Faegre.co.uk
Tue, 13 May 2008
Read the London Brochure
Lawyer Biographies Practice Experience Industry Experience About the Firm Contact Us
Advanced Search
Current Legal Developments
Signup for Email Alerts More Article Search Options
Printer-friendly version
Other Links

UK Pensions & Share Incentives

PENSIONS

(i) Stakeholder Pension Schemes

There are a number of different types of pension arrangements which can be put in place for UK based staff. However, an employer may be under an obligation to put in place a Stakeholder Pension Scheme. The Welfare Reform and Pensions Act, 1999 requires employers to:

  • Designate a Stakeholder Pension Scheme.
  • Facilitate access for all their relevant employees.

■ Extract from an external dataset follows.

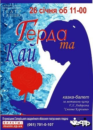 26 січня у Запорізькому академічному обласному театрі юного глядача відбудеться казка-балет Запорізького муніципального театру танцю «Герда та Кай» за мотивами твору Г.Х. Андерсена «Снігова королева». Початок вистави об 11:00.

The employer is not obliged to contribute to the Stakeholder Pension Scheme but can do so if they wish. A relevant employee is one who is employed by the employer in the UK. However, the employee is not relevant if:

  • They are a member of the employer’s occupational pension scheme (see below)
  • They are eligible to join an occupational pension scheme within one year of commencing employment.
  • They earn less than the Lower Earnings Limit (£87 per week for 2002/2003).
  • They are employed by a company with 4 or fewer employees.

Stakeholder Exemption Criteria

If an employer meets any of the following criteria, they will not be required to install a Stakeholder Pension Scheme:

  • An employer with less than five employees.
  • An employer with no employees earning in excess of the Lower Earnings Limit for National Insurance.
  • An employer with a suitable occupational scheme available for all employees to join.
  • An employer with a suitable Group Personal Pension (see below) to which they contribute at least 3% of earnings.

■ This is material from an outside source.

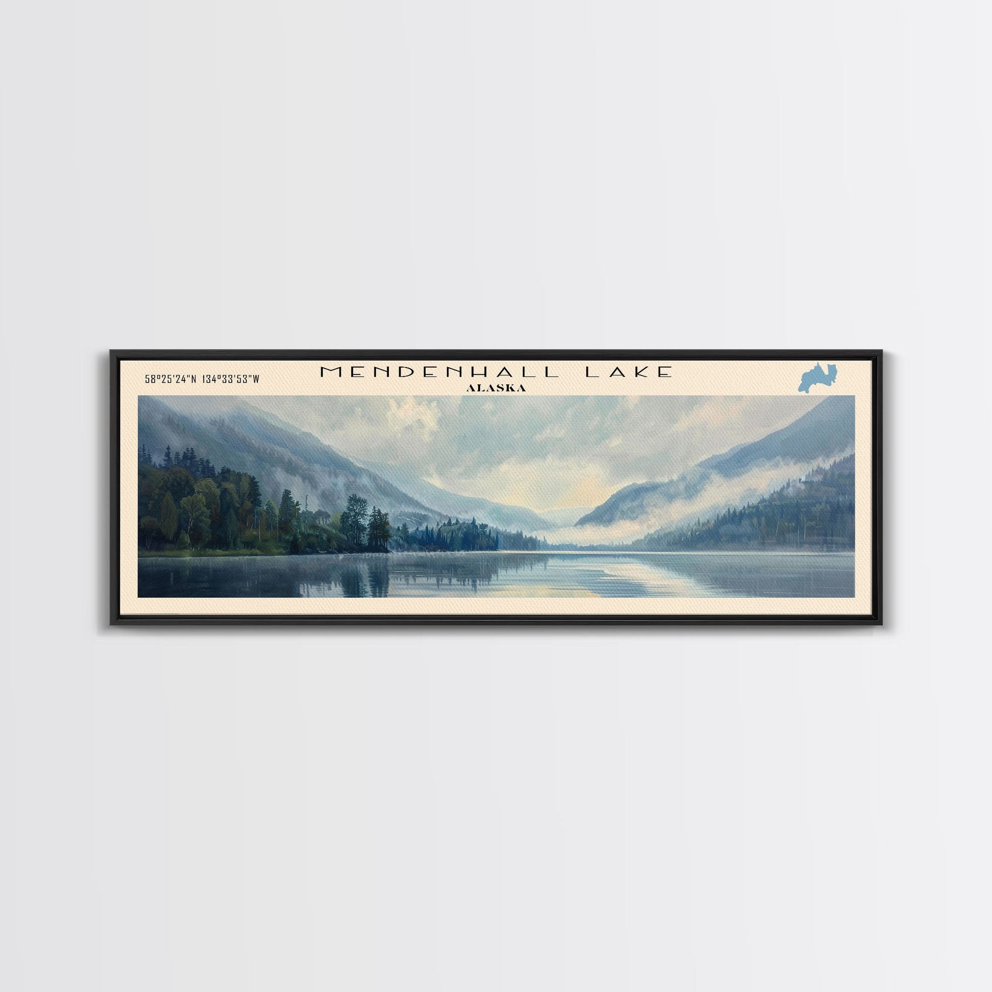 Mosquito Lake Framed Canvas Print, Lake House Decor, Panoramic Wall Art, Travel Poster, Scenic Landscape Painting, Living Room Decor

(ii) Defined Benefit / Final Salary Pension Schemes

These are occupational pension schemes where the benefits an employee will receive at retirement are generally dependent upon salary and service. They are commonly known as "Final Salary" schemes.

These schemes are now very unpopular with small employers due to the complicated administration and the open-ended financial commitment in relation to current members and those who have left service.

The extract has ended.